But first, Michael Cohen can ask for mercy.
Trump and Cohen have been apart since Cohen implicated Trump in court, saying he made the payments "in coordination and under the direction of a candidate for federal office."
It is certain that Cohen's sentence will bring a renewed examination of his offenses – and his ties to Trump – and may provide new details drawn from them. And like in every sentence, his fate will depend primarily on the perspective of the federal judge – in this case, a famous severe disciplinarian, according to lawyers who appeared before him.
This week, Cohen's lawyer must file lawsuits that are likely to explain why he deserves a lower sentence.
But if nothing of that yields Cohen to an agreement of cooperation with the federal government – a step that, among other consequences, would almost certainly delay its condemnation -, he will be due in court.
The stipulated range of Cohen's term of office is between 46 and 63 months, according to his agreement, which also sets a series of fines ranging from $ 20,000 to $ 1 million. The judge, however, may deviate from the guidelines when determining Cohen's ruling, which will also take into consideration the lawsuits from both sides that are due in the next two weeks. The federal prosecutors' request is scheduled for next week.
Judge known for long sentences for white-collar offenders
If Cohen is waiting for clemency, he may be out of luck with US District Judge William Pauley III, according to lawyers who have had cases before him.
"He has a very formal approach and is not someone to take things superficially," said Harry Sandick, a former federal prosecutor at the Manhattan Attorney's Office who appeared before Pauley, "and in his white-collar sentences he delivers lengthy generally consistent with the guidelines. "
Pauley declined to comment on this story. Cohen's lawyer, Guy Petrillo, did not respond to a request for comment.
Pauley's strict approach to the court took many forms. In the case of one of the biggest white-collar defendants to appear before Pauley, Sam Waksal, the former pharmaceutical CEO who pleaded guilty in an insider trading case that also entangled Martha Stewart, meant the toughest sentence possible under federal law . guidelines.
In 2003, Pauley sentenced Waksal to a term of imprisonment of more than seven years. In that case, Waksal's lawyer had argued in favor of indulgence, partly by noting that the defendant's job was in the service of cancer patients. Pauley rejected that. "The damage you've done is really incalculable," he told Waksal.
In the case of Bill Burck, the criminal defense attorney whose clients include former White House aide Don McGahn in the special attorney's investigation, meant a startling meeting with the judge when Burck was a 31-year federal prosecutor who appeared before him in New York, according to a person familiar with the episode.
After Burck appeared in court using his first and last name, Pauley called him during a conference and told him, "The government is very casual." When Burck answered with confusion, Pauley said to him: "Its name is William, not Bill, and in this court you will be known by William."
Reached for comment, Burck confirmed the incident, adding, "Subsequent to this, I always called myself William."
Cohen could get a tougher sentence because he is a lawyer
In Cohen's case, one of the factors that may negatively impact the judge's opinion on his crimes, said those who appeared before Pauley, is that Cohen himself is a lawyer.
"I think Judge Pauley is going to look at him as an intelligent person who has a lot of means. He was not taken to criminality by the way he was created," said Elie Honig, a former federal prosecutor and CNN legal analyst. cases before Pauley, "and I think Judge Pauley will be particularly bothered by the fact that Michael Cohen committed these crimes … at least some of them as a lawyer."
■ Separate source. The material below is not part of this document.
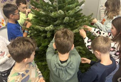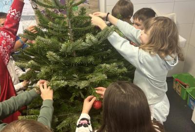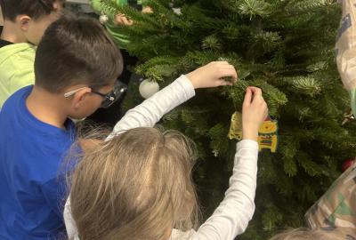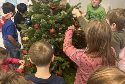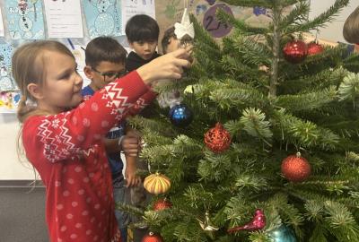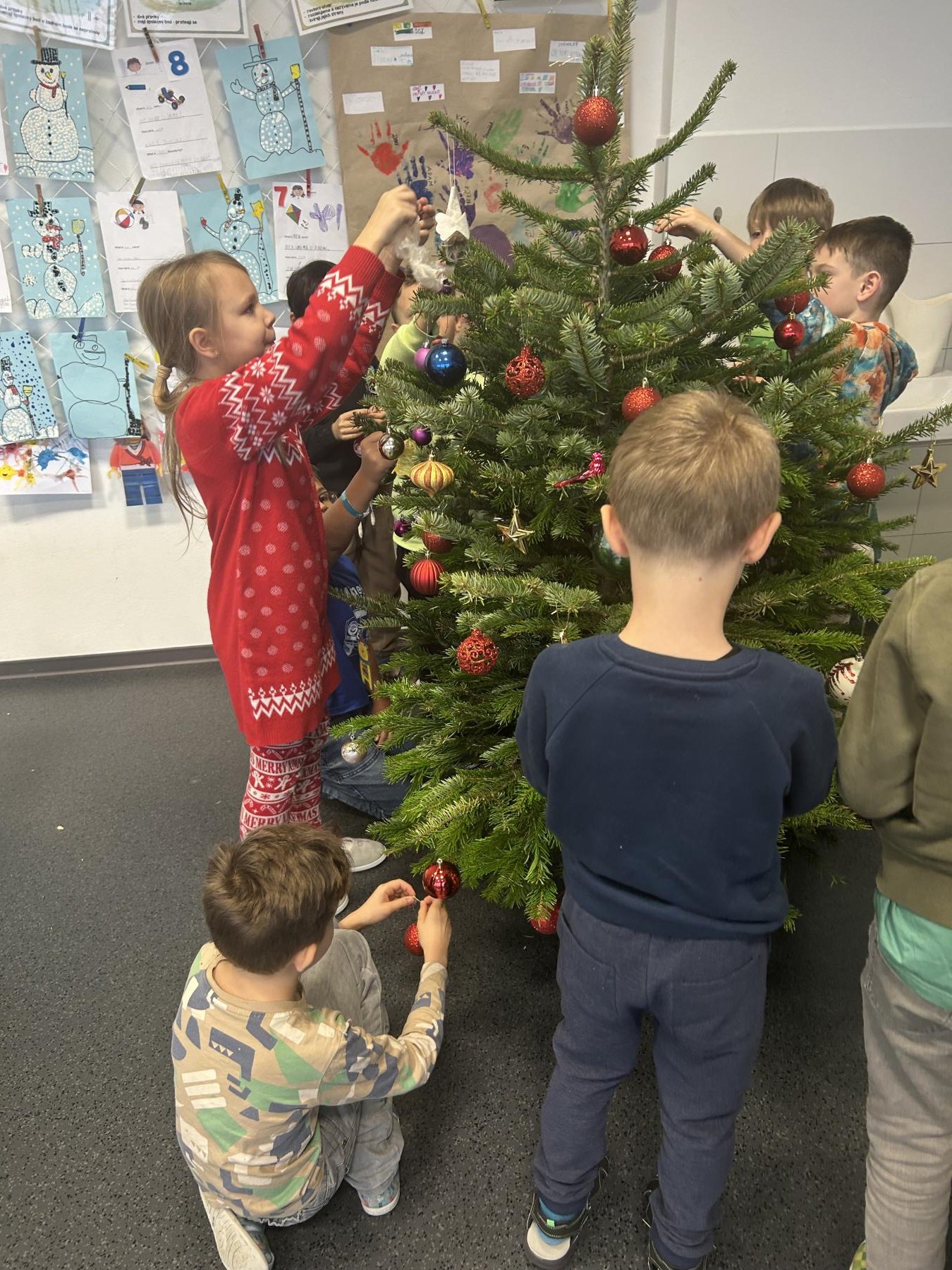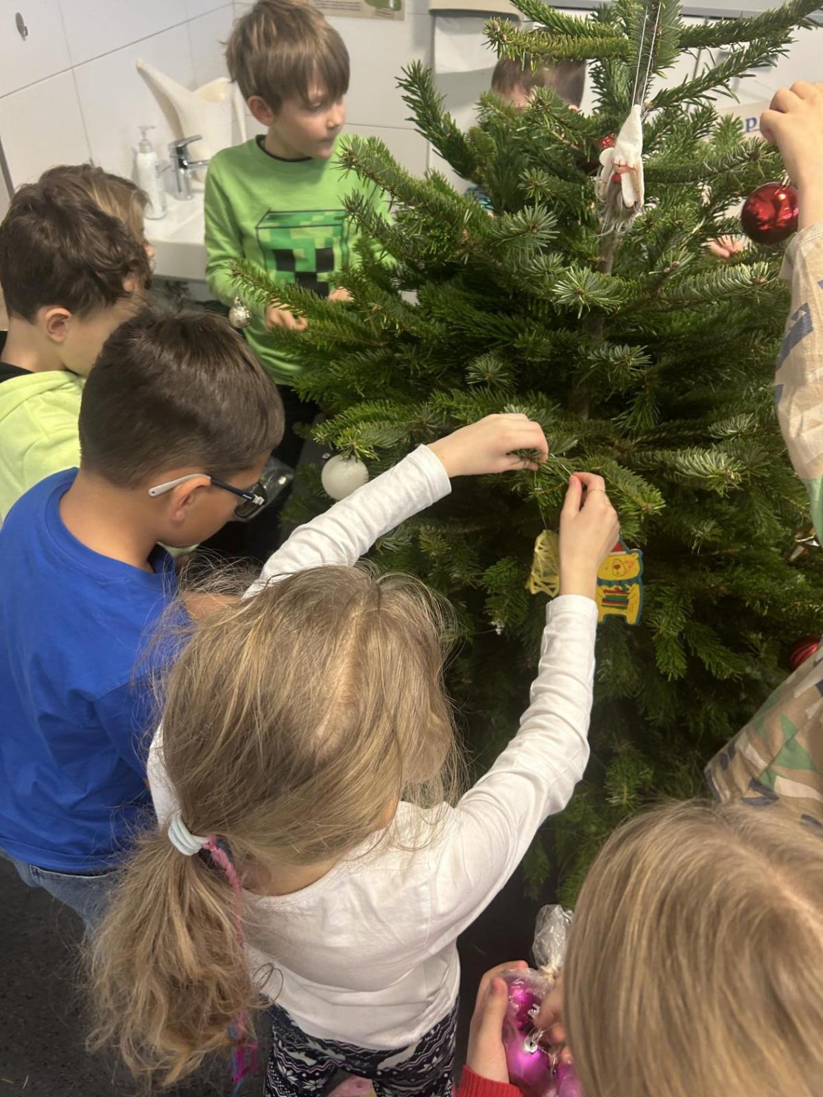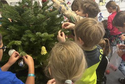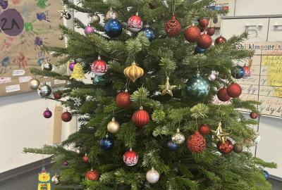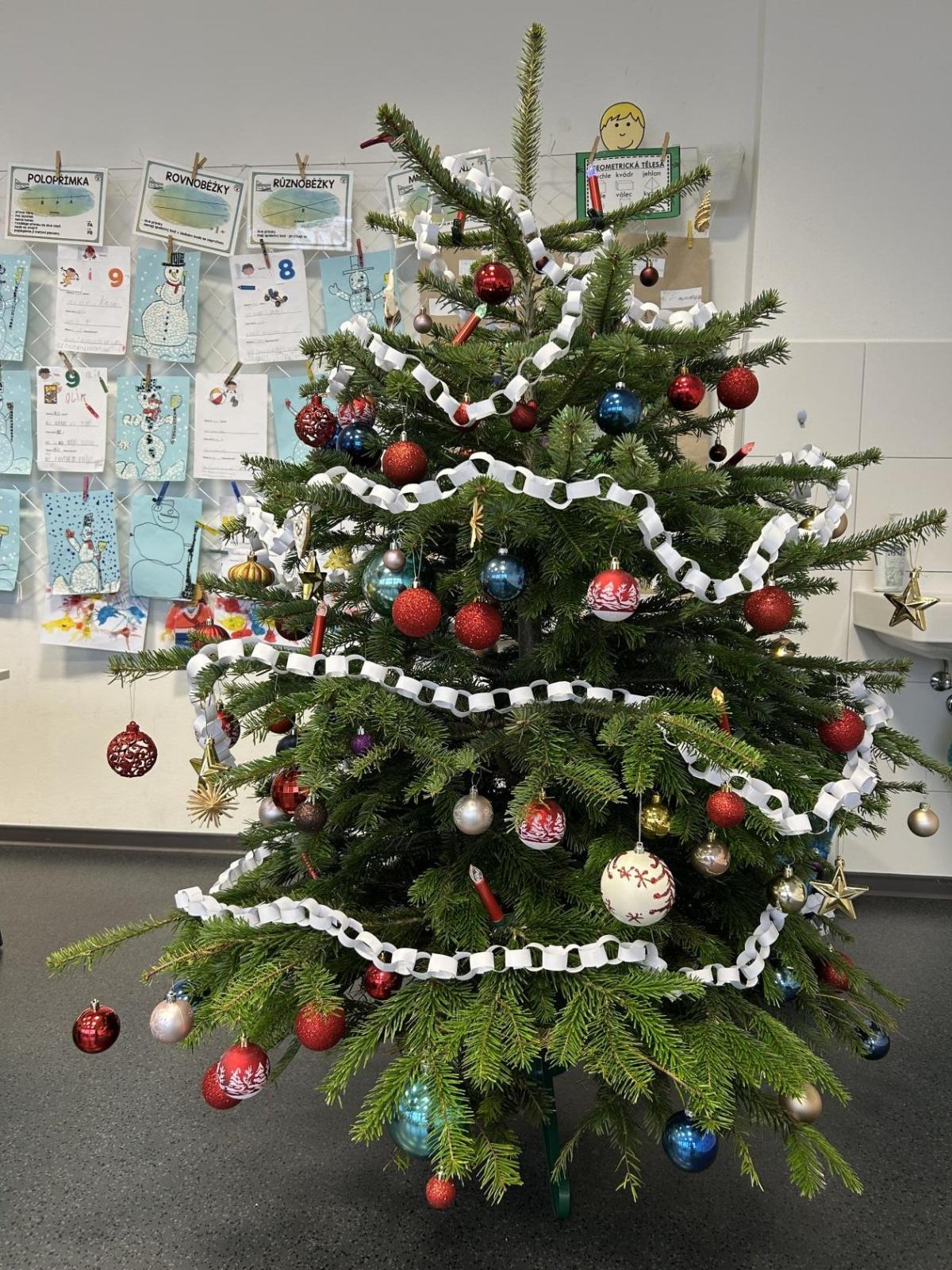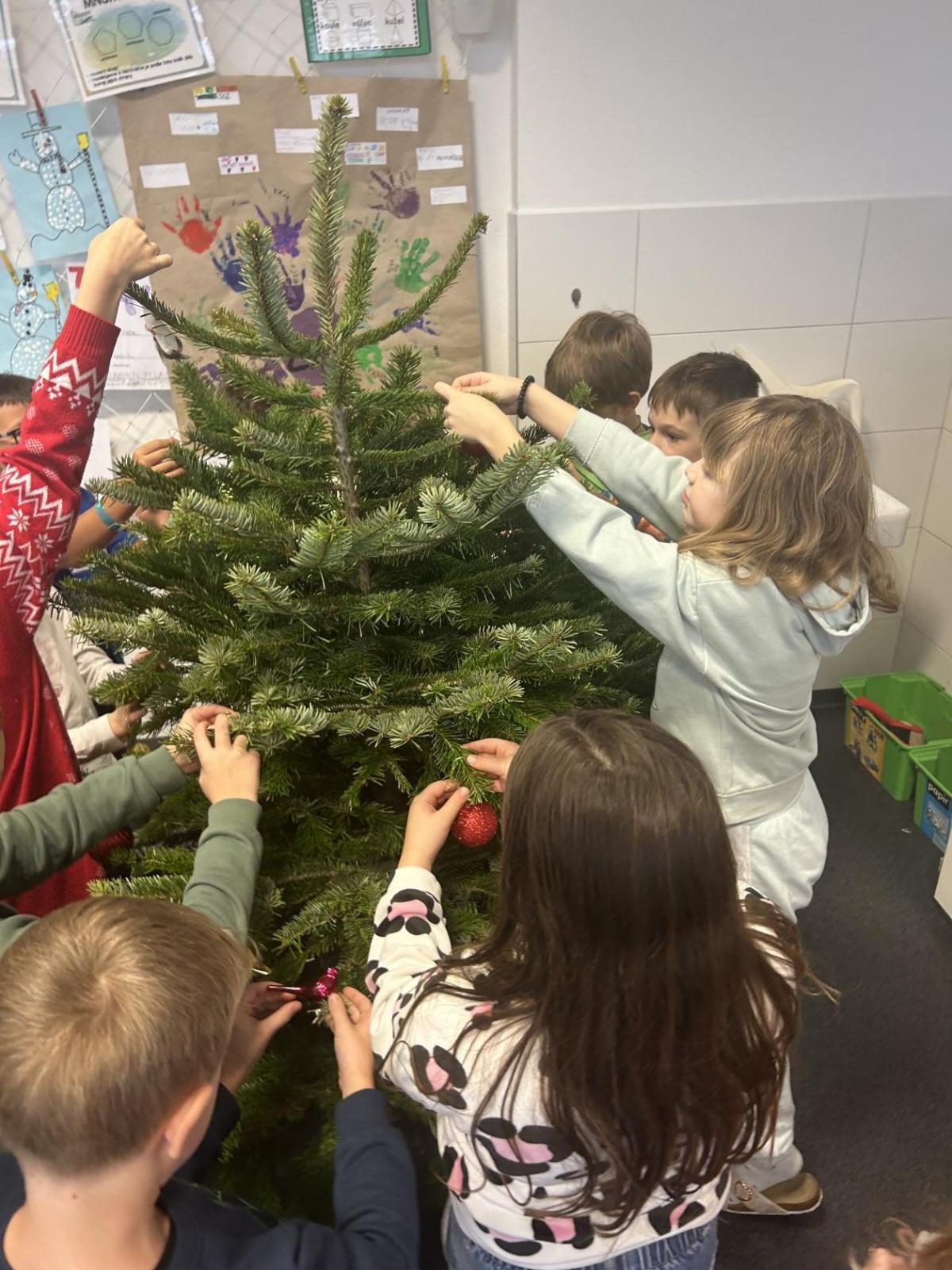 Ve škole nám pan školník usadil stromeček do stojánku. Poté přišla ta nejhezčí část – zdobení. Druháčci si přinesli vánoční ozdoby, společně si vyrobili papírový řetěz a paní učitelka přinesla bezdrátové barevné svíčky. Pak už u nás ve třídě svítil nádherně ozdobený vánoční stromek a hned bylo znát, že Vánoce se opravdu blíží.

In fact, the range of guidelines in Cohen's agreement already contains what is known as a reinforcement, or extra penalty, because he "used a special skill – namely, his education, training and licensing as a lawyer in New York State – in a manner that significantly facilitated commission and concealment of the offense. "
Pauley can speak to this in court and take it into account as much as he chooses, and "in some of his testimonials, he has been particularly concerned about people who are in a position to follow the law, and not," said Sandick . .
Another factor that is sometimes given a significant weight is deterrence. Judges consider what is known as specific deterrence – whether the sentence will cause the defendant to avoid the act in the future – as well as the general deterrent – whether the sentence will dissuade others from committing similar crimes.
Pauley, according to former prosecutors, is adamant about the ability of a tough sentence to prevent similar misbehavior.
"Judge Pauley is a strong deterrent," Honig said. "He believes every sentence he gives has to punish the person in front of him, but also send a message to others."
In Cohen's case, the judge must consider which judgment will serve to deter not only potential offenders from campaign finance laws but also those tempted to commit tax fraud or lie to a bank.
And finally, a judge will assess whether a defendant has shown an appropriate level of remorse for his or her behavior. Pauley is not known to seriously consider this element, according to people who appeared before him, but will likely appear in court documents that are owed by both the Prosecutor's Office and Cohen's defense lawyer, particularly since the Cohen agreement contains a provision. that he will receive a reduction in his sentence "assuming that the defendant clearly demonstrates acceptance of responsibility, to the satisfaction of the Government."